I've got an encrypted root-partition. After loading the kernel an initramfs is loaded which decrypts the root-partition and boots it up. When I wait too long before decrypting and booting the root-partition, the firmware of my wifi-device fails to load and I can't use it. This is because the firmware-file is located on the root-partition (in /lib/firmware) which is not available at boot-time and loading the firmware seems to fail after approx. 60 seconds.

Now I need to know a little bit more about the way a firmware is loaded. I already tried to copy the ucode-file to my initramfs, but this didn't help.
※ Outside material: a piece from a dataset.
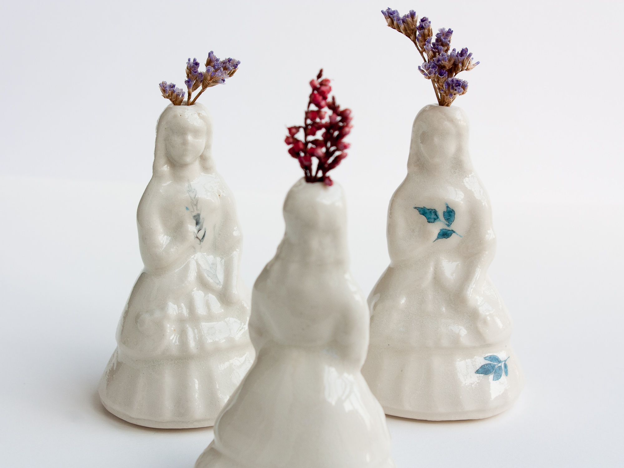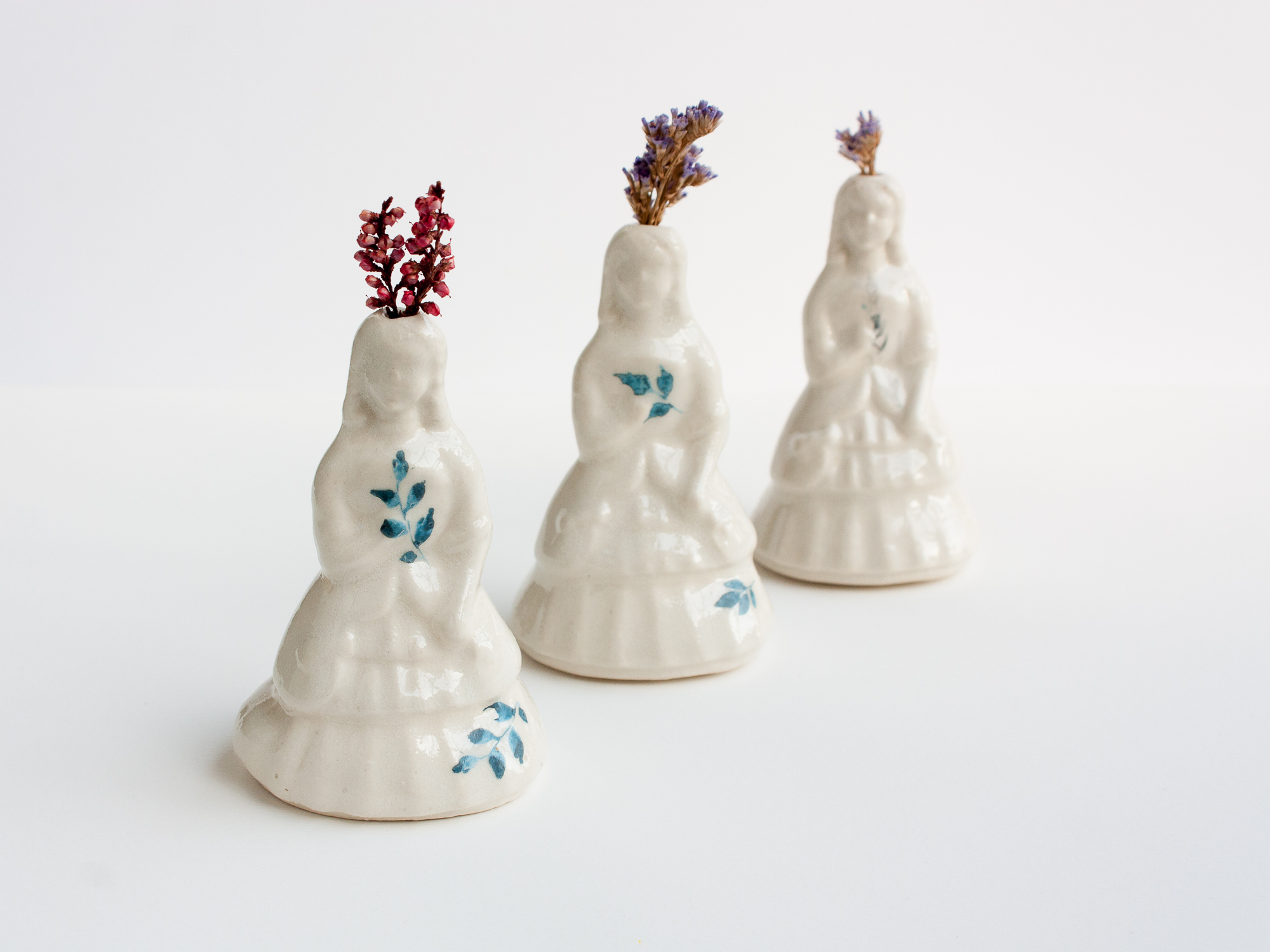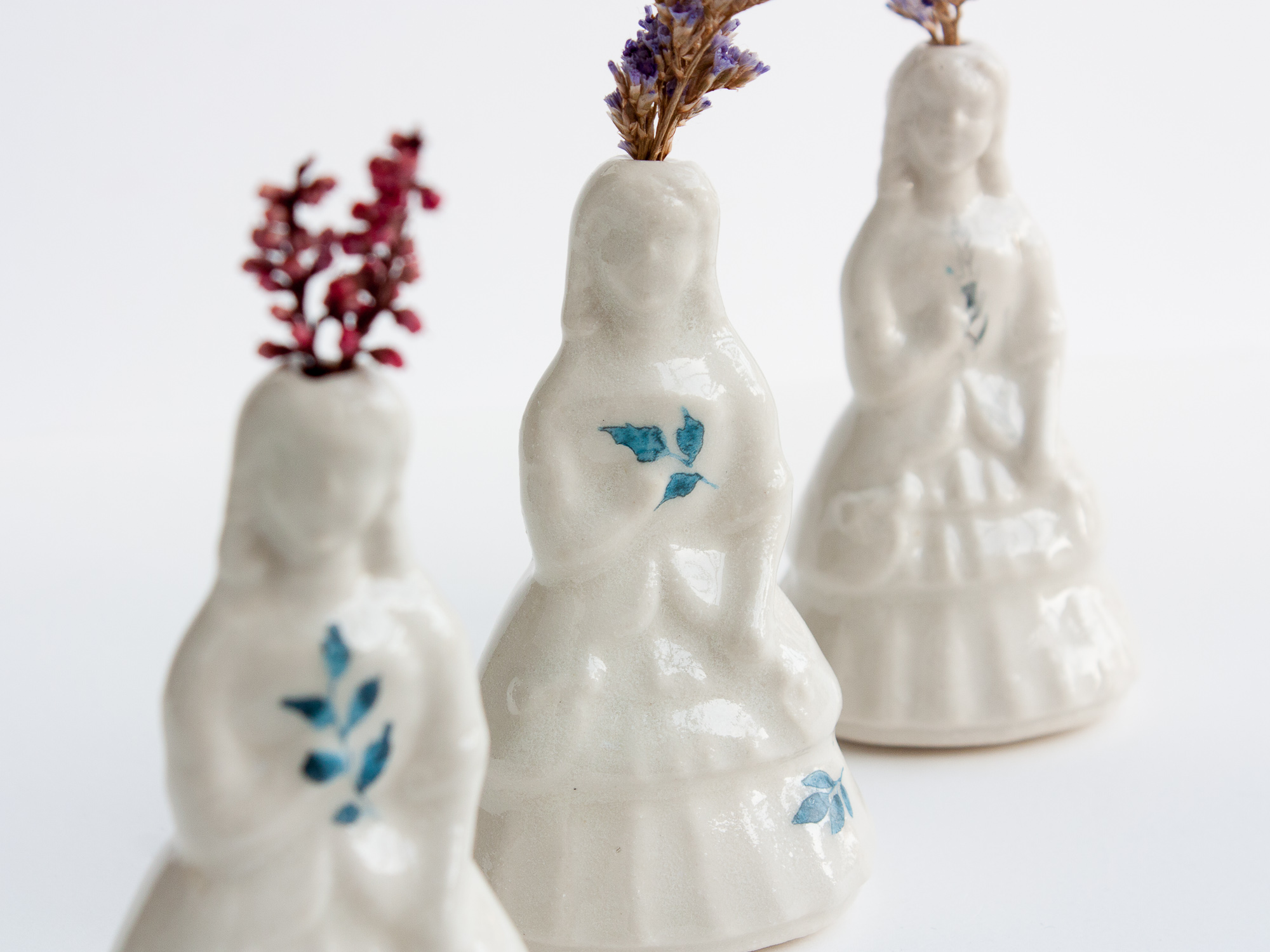 Realizadas en gres de colada sobre molde y pintadas a mano con esmaltes transparentes de alta temperatura a 1230ºC. La niña de España, realizada en mi taller de Sevilla, es un bonito objeto decorativo que puede colocarse sobre cualquier superficie y estancia de tu casa, oficina o donde prefieras.

Can anyone give me a hint how to load a firmware from initramfs?

Thanks in advance,

MichaelLast edited by MichiFridge on Sat Jul 23, 2011 9:17 pm; edited 1 time in total

----------

## Hu

In addition to having the files in the initramfs, you need a program to load them.  The loading process is straightforward, but there are several surprises along the way.  I found a mailing list posting describing it some time ago, but did not bookmark it.  I did save a loader derived from the advice in that thread.  The filename of the loader is set in your kernel configuration, and defaults to /sbin/hotplug.  The key points are to echo 1 into the appropriate loading file to advise the driver that you are about to provide it with data, then copy the firmware into the corresponding data file, then echo 0 into loading if you succeeded or -1 if you failed.  The script below assumes the existence of a /sys, but does not assume that a sysfs will be mounted there.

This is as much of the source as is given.